WORK ITEM —
Would you transcribe the records below from the line with "Vendo botas prácticamente" to the line with "Платформа 9300-EX - это", ends included, exactly and with nothing more, leaving the pictures out?

ENTRIES SUPPLIED —
------------------------------------------------------------------------

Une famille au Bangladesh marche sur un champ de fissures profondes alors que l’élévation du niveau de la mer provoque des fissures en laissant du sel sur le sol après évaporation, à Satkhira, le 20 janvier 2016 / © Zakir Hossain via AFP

------------------------------------------------------------------------

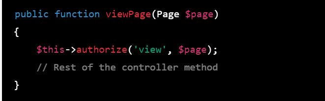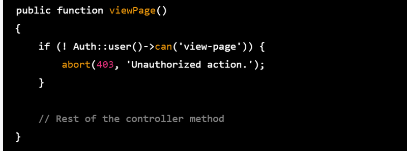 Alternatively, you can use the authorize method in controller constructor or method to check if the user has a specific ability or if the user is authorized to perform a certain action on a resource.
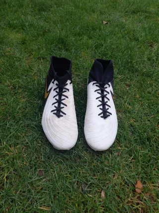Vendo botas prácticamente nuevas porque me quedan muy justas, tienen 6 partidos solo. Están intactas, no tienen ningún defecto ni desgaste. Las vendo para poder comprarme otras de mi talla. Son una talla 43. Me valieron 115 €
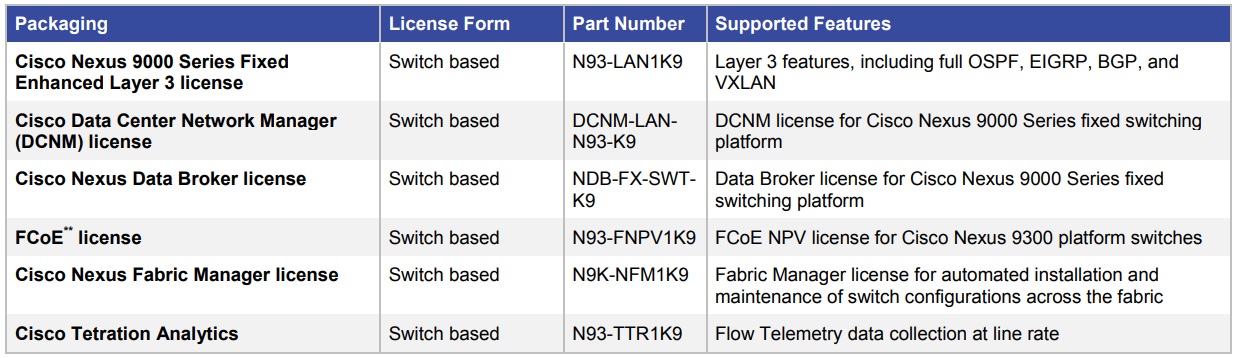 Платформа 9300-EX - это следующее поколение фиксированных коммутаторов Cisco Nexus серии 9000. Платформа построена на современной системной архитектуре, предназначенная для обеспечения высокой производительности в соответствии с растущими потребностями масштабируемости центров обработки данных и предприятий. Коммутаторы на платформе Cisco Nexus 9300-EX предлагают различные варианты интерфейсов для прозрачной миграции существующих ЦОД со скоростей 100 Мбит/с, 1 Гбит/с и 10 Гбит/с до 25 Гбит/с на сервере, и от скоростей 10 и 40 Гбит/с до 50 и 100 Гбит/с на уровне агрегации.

------------------------------------------------------------------------

WORKED SOLUTION —
Vendo botas prácticamente nuevas porque me quedan muy justas, tienen 6 partidos solo. Están intactas, no tienen ningún defecto ni desgaste. Las vendo para poder comprarme otras de mi talla. Son una talla 43. Me valieron 115 €
 Платформа 9300-EX - это следующее поколение фиксированных коммутаторов Cisco Nexus серии 9000. Платформа построена на современной системной архитектуре, предназначенная для обеспечения высокой производительности в соответствии с растущими потребностями масштабируемости центров обработки данных и предприятий. Коммутаторы на платформе Cisco Nexus 9300-EX предлагают различные варианты интерфейсов для прозрачной миграции существующих ЦОД со скоростей 100 Мбит/с, 1 Гбит/с и 10 Гбит/с до 25 Гбит/с на сервере, и от скоростей 10 и 40 Гбит/с до 50 и 100 Гбит/с на уровне агрегации.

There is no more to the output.